DATA:
+ + + + +

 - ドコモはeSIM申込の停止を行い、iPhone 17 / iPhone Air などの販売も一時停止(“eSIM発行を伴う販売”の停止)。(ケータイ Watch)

+ + + + +

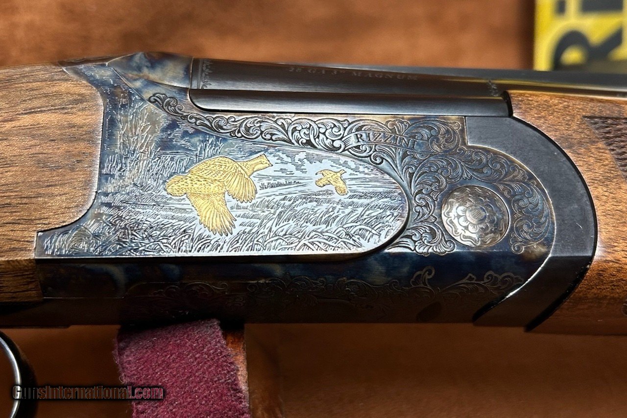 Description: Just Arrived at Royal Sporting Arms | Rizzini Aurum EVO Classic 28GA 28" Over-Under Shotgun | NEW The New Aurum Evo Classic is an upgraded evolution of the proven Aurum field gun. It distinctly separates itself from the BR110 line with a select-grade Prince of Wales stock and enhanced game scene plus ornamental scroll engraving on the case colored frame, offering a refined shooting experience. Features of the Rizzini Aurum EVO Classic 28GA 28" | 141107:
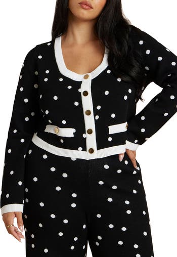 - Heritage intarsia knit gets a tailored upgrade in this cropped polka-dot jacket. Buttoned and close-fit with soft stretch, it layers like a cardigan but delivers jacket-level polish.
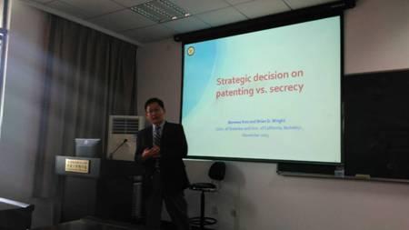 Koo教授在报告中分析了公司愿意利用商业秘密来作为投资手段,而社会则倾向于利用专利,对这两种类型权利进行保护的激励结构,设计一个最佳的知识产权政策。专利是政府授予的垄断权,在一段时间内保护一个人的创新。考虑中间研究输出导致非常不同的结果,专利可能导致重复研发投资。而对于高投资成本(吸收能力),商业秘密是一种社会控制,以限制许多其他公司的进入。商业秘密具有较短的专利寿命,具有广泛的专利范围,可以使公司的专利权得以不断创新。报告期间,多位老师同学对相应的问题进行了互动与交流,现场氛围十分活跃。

+ + + + +

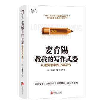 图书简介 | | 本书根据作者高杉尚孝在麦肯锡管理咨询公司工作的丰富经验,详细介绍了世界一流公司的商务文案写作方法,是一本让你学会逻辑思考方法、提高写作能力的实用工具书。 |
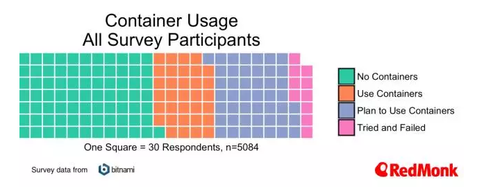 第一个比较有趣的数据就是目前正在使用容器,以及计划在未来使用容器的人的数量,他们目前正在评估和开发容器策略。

+ + + + +

WORK TO COMPLETE: Print nothing except the lines above from the one containing "- Heritage intarsia" down to the one containing "Koo教授在报告中分析了公司", both included, exactly as written and free of pictures.

ANSWER TO THIS EXERCISE:
 - Heritage intarsia knit gets a tailored upgrade in this cropped polka-dot jacket. Buttoned and close-fit with soft stretch, it layers like a cardigan but delivers jacket-level polish.
 Koo教授在报告中分析了公司愿意利用商业秘密来作为投资手段,而社会则倾向于利用专利,对这两种类型权利进行保护的激励结构,设计一个最佳的知识产权政策。专利是政府授予的垄断权,在一段时间内保护一个人的创新。考虑中间研究输出导致非常不同的结果,专利可能导致重复研发投资。而对于高投资成本(吸收能力),商业秘密是一种社会控制,以限制许多其他公司的进入。商业秘密具有较短的专利寿命,具有广泛的专利范围,可以使公司的专利权得以不断创新。报告期间,多位老师同学对相应的问题进行了互动与交流,现场氛围十分活跃。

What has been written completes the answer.